Herold thinks these technological revolutions will be a good thing, but that doesn't mean she's a Pollyanna. Throughout the book, she worries about how becoming ever more dependent on our technologies will affect us. She foresees a world populated by robots at our beck and call for nearly any task. Social robots will monitor our health, clean our houses, entertain us, and satisfy our sexual desires. Isolated users of perfectly subservient robots could, Herold cautions, "lose important social skills such as unselfishness and the respect for the rights of others."
There is also the question of how centralized institutions, as opposed to empowered individuals, might use the new tech. Behind a lot of the coming enhancements you'll find the U.S. military, which funds research to protect its warriors and make them more effective at fighting. As Herold reports, the Defense Advanced Research Projects Agency (DARPA) is behind work on brain implants designed to alter emotions. While that technology could help people struggling with psychological problems, it might also be used to eliminate fear or guilt in soldiers. Manipulating soldiers' emotions so they will more heedlessly follow orders is ethically problematic, to say the least.
Similar issues haunt Herold's discussion of the technologies, such as neuro-enhancing drugs and implants, that may help us build better brains. Throughout history, the ultimate realm of privacy has been our unspoken thoughts. But the proliferation of brain sensors and implants might open up our thoughts to inspection by our physicians, friends, and family—not to mention government officials and corporate marketers.
Yet Herold effectively rebuts bioconservative arguments against human enhancement. One oft-heard concern is that longevity research will result in a nursing-home world where people live longer but increasingly debilitated lives. That's nonsense: The point of anti-aging research is not to make people old longer but to make them young longer. Another argument holds that transhuman technologies will simply let the rich get richer. Herold notes that while the rich almost always get access to new technologies first, prices then come down quickly, making them available to nearly everyone eventually. She is confident that the same dynamic will apply to these treatments.

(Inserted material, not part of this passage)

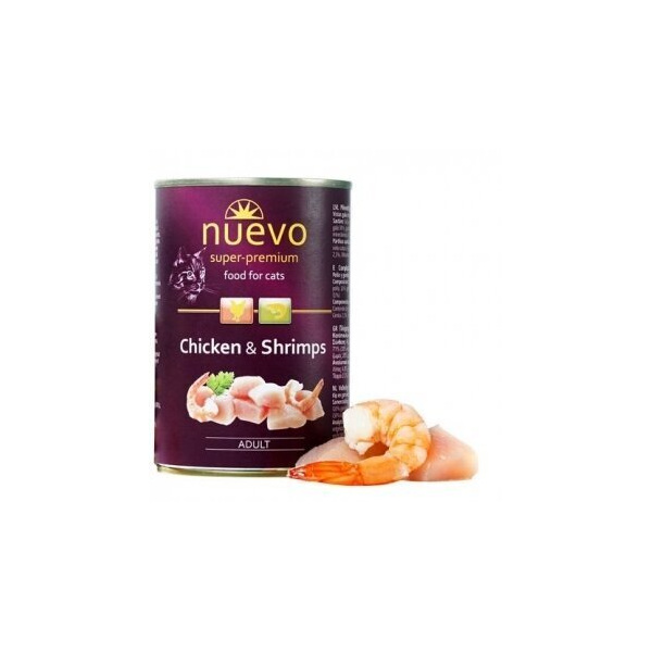Нуево "Пиле и Скариди" черпи сетивата на вашата котка с всички необходими нутриенти. В основата му е подбран пилешки протеин и деликатни скариди.

Bioconservatives often assert that enhancement technologies must be banned because people will experience irresistible social pressure to use them just to stay competitive. Herold tartly replies, "It's every individual's responsibility to make choices that he feels are good for him. It's not society's responsibility to limit the freedom of other people so that one can feel good about his choices." Bioconservatives, she notes, "fail to make a case for why those who oppose enhancement should be able to exercise free choice while those who desire it should not."
What about concerns about authenticity and dehumanization? Here Herold quotes from a story I did for reason in 2004: "Nothing could be more natural to human beings than striving to liberate ourselves from our biological constraints," I wrote. Moreover, she observes, we haven't yet managed to come up with a good definition of human nature. Herold concludes that "we may only ever see who we are today in the rearview mirror, from a state far more advanced than where we find ourselves now." Let's go find out who we really are.